Empezó a moverse hacia la salida del bosque y solo había dado cinco pasos cuando escuchó la voz ansiosa de Marcello.
—¡Glow! —Marcello gritó.
Elliana se volteó inmediatamente para ver qué pasaba, sus cejas ascendiendo en una ligera sorpresa cuando vio a Glow apuntándole con un puñal. Elliana confiaba lo suficiente en Glow como para que no le hiciera nada, sin embargo, sus ojos ciertamente se agrandaron cuando Glow apuntó ese cuchillo hacia su propio pecho.
—Si nos dejas, nos mataremos —firmó Glow apresuradamente, y los ojos de Elliana se oscurecieron.
—No harás nada como eso —la energía de Elliana comenzó a reaccionar cuando sintieron la mezcla de dolor y enojo cruzando el nivel óptimo de nuevo.
—Pruébame —firmó Glow, y Elliana suspiró antes de mirar hacia abajo a sus pies.
—¿Estás tratando de decir que ahora ustedes son como parásitos que no me dejarán? ¿No importa cuántas veces las patee, volverán a mí? —preguntó Elliana, y Glow asintió descaradamente, sus ojos llenos de resolución.
Ella miró detrás de Glow y vio a todas las chicas asintiendo con la cabeza. Elliana ya no sabía cómo seguir enojada con ellas.
—Volveré con ustedes, pero tienen que prometerme algo esta vez. La próxima vez que tengan un problema, me llamarán, y no pensarán en matarse hasta que yo sea quien les ordene hacerlo. Prométanme —dijo Elliana.
Glow asintió. Puso un dedo en su barbilla antes de poner su mano sobre la otra en un signo de promesa, y Elliana miró a las chicas que hicieron lo mismo.
—Estúpidas bitches —Elliana suspiró y extendió su mano, haciendo que Glow la abrazara de inmediato.
Ella la abrazó tan fuerte que Elliana sintió sus pulmones apretándose y le palmeó la espalda a Glow.
—Chica, no importa cuánto me ames, yo sigo siendo humana y tú eres una vampira —gruñó Elliana con dificultad.
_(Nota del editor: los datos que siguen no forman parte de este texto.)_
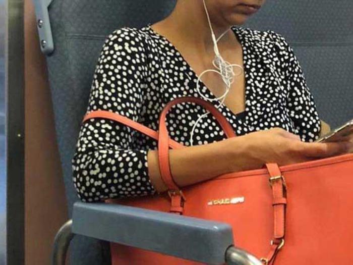 地铁上,一个区别于其他座位的座套。
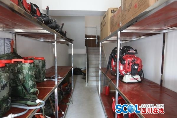 ▲位于一楼的装备库房,空出来的位置,就是去西昌扑火的队员带走的装备。

Glow la soltó, viendo sus piernas tímidamente con ojos grandes y avergonzados, haciendo suspirar a Elliana.
Ella miró a todas las chicas antes de jalar la cara de Glow hacia abajo y besar su frente por detrás de su bufanda.
—Ustedes son mi orgullo. No puedo dejar que les pase nada —susurró antes de caminar hacia Natasha, que todavía estaba sollozando y llorando, rompiendo aún más el corazón de Elliana.
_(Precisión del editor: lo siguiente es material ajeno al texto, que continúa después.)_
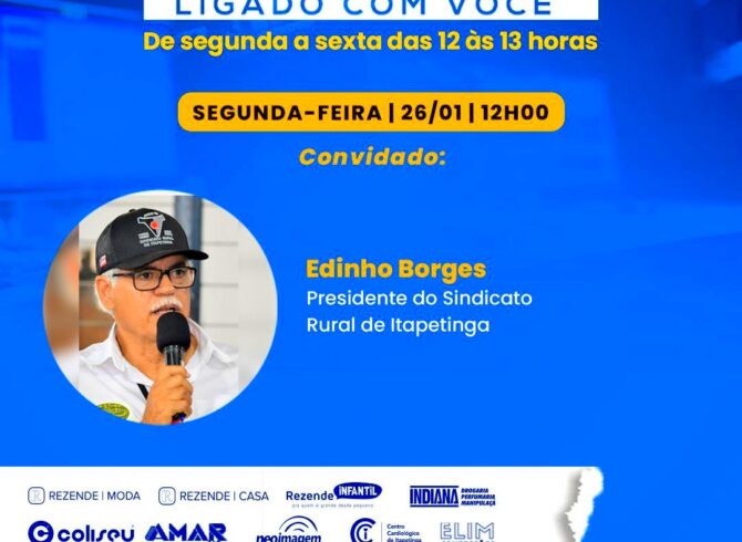 ENTREVISTA DE EDINHO BORGES (PRESIDENTE DO SINDICATO RURAL DE ITAPETINGA SOBRE A 54ª EXPOSIÇÃO AGROPECUÁRIA DE ITAPETINGA: DE 14 A 24 DE MAIO DE 2026.O presidente do Sindicato Rural de Itapetinga, Edinho Borges, participou do programa Radar 660, da Rádio Jornal AM, nesta segunda-feira, 26, atendendo ao convite da produção. O programa é apresentado por

—Está bien. Te perdono. Ahora levántate y abraza a tu líder —gruñó, pretendiendo estar levemente enojada, y Marcello se rió de ella, limpiándose la esquina de sus ojos mientras también se sentía emocional.
Alcinder, que observaba cómo todo se desarrollaba, dejó el bosque.
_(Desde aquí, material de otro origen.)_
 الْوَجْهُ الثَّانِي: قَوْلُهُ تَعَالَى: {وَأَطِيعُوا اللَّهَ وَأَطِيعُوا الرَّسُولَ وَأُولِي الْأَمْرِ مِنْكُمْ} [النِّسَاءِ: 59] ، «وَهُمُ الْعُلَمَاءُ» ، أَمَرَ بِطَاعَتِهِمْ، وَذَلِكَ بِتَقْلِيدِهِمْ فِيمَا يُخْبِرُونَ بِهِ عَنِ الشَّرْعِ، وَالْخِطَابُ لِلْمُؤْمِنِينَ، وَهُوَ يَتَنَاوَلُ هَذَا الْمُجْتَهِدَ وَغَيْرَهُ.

Cada vez. Se ha equivocado sobre ella cada vez.
Primero, cuando sospechó que ella era astuta y pretendía ser ignorante sobre las cosas, se equivocó, luego sobre su inocencia, y hoy sobre sus pensamientos monstruosos y su inhumanidad. Se ha equivocado en todo.
Nunca ha sentido tanto respeto por nadie en su vida, aparte de su madre. Suspiró, su corazón saltando un latido al pensar en que ella era tan inocente a pesar de cómo hacía las cosas.
Realmente es un ángel disfrazado —pensó Alcinder antes de usar su velocidad vampírica para alcanzar el coche para que ella no sospechara nada.